— EXERCISE DESCRIPTION —
Nothing may be left out, so copy every entry exactly.

— SUPPLIED RECORDS —
Segment Open

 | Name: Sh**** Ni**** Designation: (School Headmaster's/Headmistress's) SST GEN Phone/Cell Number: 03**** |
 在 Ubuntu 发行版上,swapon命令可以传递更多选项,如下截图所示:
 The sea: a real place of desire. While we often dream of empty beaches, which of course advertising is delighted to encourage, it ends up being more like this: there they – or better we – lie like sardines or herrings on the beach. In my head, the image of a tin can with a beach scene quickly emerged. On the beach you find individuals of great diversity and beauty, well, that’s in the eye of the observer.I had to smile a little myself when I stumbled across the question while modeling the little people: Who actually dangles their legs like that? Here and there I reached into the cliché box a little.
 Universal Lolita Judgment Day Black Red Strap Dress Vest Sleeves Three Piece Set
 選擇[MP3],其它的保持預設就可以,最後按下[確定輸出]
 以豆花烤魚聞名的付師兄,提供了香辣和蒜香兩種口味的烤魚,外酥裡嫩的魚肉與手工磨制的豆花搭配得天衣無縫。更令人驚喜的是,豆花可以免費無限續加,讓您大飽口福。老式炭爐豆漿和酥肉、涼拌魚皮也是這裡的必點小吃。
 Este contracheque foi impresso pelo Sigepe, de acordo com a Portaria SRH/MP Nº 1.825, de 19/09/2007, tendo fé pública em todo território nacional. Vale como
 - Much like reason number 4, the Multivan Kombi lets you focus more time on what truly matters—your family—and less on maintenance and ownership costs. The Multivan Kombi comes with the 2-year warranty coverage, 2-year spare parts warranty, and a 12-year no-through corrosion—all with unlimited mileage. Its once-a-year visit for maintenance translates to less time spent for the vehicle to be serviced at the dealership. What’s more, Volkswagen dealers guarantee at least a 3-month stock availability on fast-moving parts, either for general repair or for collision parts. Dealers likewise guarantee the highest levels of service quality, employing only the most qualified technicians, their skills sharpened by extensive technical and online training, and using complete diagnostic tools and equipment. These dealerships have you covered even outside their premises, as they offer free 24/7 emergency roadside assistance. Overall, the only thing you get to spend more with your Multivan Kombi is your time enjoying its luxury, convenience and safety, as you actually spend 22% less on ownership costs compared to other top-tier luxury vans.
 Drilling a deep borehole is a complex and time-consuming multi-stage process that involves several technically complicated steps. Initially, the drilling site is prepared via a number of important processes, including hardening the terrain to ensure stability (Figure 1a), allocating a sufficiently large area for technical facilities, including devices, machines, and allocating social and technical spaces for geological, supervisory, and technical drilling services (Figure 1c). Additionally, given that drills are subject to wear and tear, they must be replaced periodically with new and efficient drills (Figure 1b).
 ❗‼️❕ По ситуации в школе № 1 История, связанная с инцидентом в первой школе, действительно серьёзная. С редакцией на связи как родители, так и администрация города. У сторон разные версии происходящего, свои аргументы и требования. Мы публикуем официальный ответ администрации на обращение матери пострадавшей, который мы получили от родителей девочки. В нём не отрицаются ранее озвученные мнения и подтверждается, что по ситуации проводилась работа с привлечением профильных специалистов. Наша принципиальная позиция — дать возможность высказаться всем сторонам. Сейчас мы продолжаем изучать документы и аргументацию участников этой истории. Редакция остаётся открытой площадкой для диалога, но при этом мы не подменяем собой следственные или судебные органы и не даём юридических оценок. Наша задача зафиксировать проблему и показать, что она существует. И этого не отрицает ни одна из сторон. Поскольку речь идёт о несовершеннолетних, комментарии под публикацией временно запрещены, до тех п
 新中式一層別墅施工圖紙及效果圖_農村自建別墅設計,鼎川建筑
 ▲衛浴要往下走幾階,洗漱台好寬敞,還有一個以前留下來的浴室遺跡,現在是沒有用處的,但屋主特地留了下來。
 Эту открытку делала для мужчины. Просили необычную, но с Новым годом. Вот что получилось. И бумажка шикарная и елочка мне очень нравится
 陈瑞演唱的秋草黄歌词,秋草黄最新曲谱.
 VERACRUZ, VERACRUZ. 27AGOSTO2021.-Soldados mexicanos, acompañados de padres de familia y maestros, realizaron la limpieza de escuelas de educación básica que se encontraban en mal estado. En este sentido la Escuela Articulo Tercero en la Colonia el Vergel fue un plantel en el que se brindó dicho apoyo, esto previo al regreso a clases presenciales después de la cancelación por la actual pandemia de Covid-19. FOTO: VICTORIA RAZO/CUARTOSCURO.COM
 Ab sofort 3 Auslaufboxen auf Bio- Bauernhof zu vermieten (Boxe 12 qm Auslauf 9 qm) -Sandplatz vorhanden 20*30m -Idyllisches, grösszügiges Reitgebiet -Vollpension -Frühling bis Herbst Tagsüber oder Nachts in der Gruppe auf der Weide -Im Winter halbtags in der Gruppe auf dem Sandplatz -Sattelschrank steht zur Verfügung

Segment Closed

— REPLY TO THE EXERCISE —
 | Name: Sh**** Ni**** Designation: (School Headmaster's/Headmistress's) SST GEN Phone/Cell Number: 03**** |
 在 Ubuntu 发行版上,swapon命令可以传递更多选项,如下截图所示:
 The sea: a real place of desire. While we often dream of empty beaches, which of course advertising is delighted to encourage, it ends up being more like this: there they – or better we – lie like sardines or herrings on the beach. In my head, the image of a tin can with a beach scene quickly emerged. On the beach you find individuals of great diversity and beauty, well, that’s in the eye of the observer.I had to smile a little myself when I stumbled across the question while modeling the little people: Who actually dangles their legs like that? Here and there I reached into the cliché box a little.
 Universal Lolita Judgment Day Black Red Strap Dress Vest Sleeves Three Piece Set
 選擇[MP3],其它的保持預設就可以,最後按下[確定輸出]
 以豆花烤魚聞名的付師兄,提供了香辣和蒜香兩種口味的烤魚,外酥裡嫩的魚肉與手工磨制的豆花搭配得天衣無縫。更令人驚喜的是,豆花可以免費無限續加,讓您大飽口福。老式炭爐豆漿和酥肉、涼拌魚皮也是這裡的必點小吃。
 Este contracheque foi impresso pelo Sigepe, de acordo com a Portaria SRH/MP Nº 1.825, de 19/09/2007, tendo fé pública em todo território nacional. Vale como
 - Much like reason number 4, the Multivan Kombi lets you focus more time on what truly matters—your family—and less on maintenance and ownership costs. The Multivan Kombi comes with the 2-year warranty coverage, 2-year spare parts warranty, and a 12-year no-through corrosion—all with unlimited mileage. Its once-a-year visit for maintenance translates to less time spent for the vehicle to be serviced at the dealership. What’s more, Volkswagen dealers guarantee at least a 3-month stock availability on fast-moving parts, either for general repair or for collision parts. Dealers likewise guarantee the highest levels of service quality, employing only the most qualified technicians, their skills sharpened by extensive technical and online training, and using complete diagnostic tools and equipment. These dealerships have you covered even outside their premises, as they offer free 24/7 emergency roadside assistance. Overall, the only thing you get to spend more with your Multivan Kombi is your time enjoying its luxury, convenience and safety, as you actually spend 22% less on ownership costs compared to other top-tier luxury vans.
 Drilling a deep borehole is a complex and time-consuming multi-stage process that involves several technically complicated steps. Initially, the drilling site is prepared via a number of important processes, including hardening the terrain to ensure stability (Figure 1a), allocating a sufficiently large area for technical facilities, including devices, machines, and allocating social and technical spaces for geological, supervisory, and technical drilling services (Figure 1c). Additionally, given that drills are subject to wear and tear, they must be replaced periodically with new and efficient drills (Figure 1b).
 ❗‼️❕ По ситуации в школе № 1 История, связанная с инцидентом в первой школе, действительно серьёзная. С редакцией на связи как родители, так и администрация города. У сторон разные версии происходящего, свои аргументы и требования. Мы публикуем официальный ответ администрации на обращение матери пострадавшей, который мы получили от родителей девочки. В нём не отрицаются ранее озвученные мнения и подтверждается, что по ситуации проводилась работа с привлечением профильных специалистов. Наша принципиальная позиция — дать возможность высказаться всем сторонам. Сейчас мы продолжаем изучать документы и аргументацию участников этой истории. Редакция остаётся открытой площадкой для диалога, но при этом мы не подменяем собой следственные или судебные органы и не даём юридических оценок. Наша задача зафиксировать проблему и показать, что она существует. И этого не отрицает ни одна из сторон. Поскольку речь идёт о несовершеннолетних, комментарии под публикацией временно запрещены, до тех п
 新中式一層別墅施工圖紙及效果圖_農村自建別墅設計,鼎川建筑
 ▲衛浴要往下走幾階,洗漱台好寬敞,還有一個以前留下來的浴室遺跡,現在是沒有用處的,但屋主特地留了下來。
 Эту открытку делала для мужчины. Просили необычную, но с Новым годом. Вот что получилось. И бумажка шикарная и елочка мне очень нравится
 陈瑞演唱的秋草黄歌词,秋草黄最新曲谱.
 VERACRUZ, VERACRUZ. 27AGOSTO2021.-Soldados mexicanos, acompañados de padres de familia y maestros, realizaron la limpieza de escuelas de educación básica que se encontraban en mal estado. En este sentido la Escuela Articulo Tercero en la Colonia el Vergel fue un plantel en el que se brindó dicho apoyo, esto previo al regreso a clases presenciales después de la cancelación por la actual pandemia de Covid-19. FOTO: VICTORIA RAZO/CUARTOSCURO.COM
 Ab sofort 3 Auslaufboxen auf Bio- Bauernhof zu vermieten (Boxe 12 qm Auslauf 9 qm) -Sandplatz vorhanden 20*30m -Idyllisches, grösszügiges Reitgebiet -Vollpension -Frühling bis Herbst Tagsüber oder Nachts in der Gruppe auf der Weide -Im Winter halbtags in der Gruppe auf dem Sandplatz -Sattelschrank steht zur Verfügung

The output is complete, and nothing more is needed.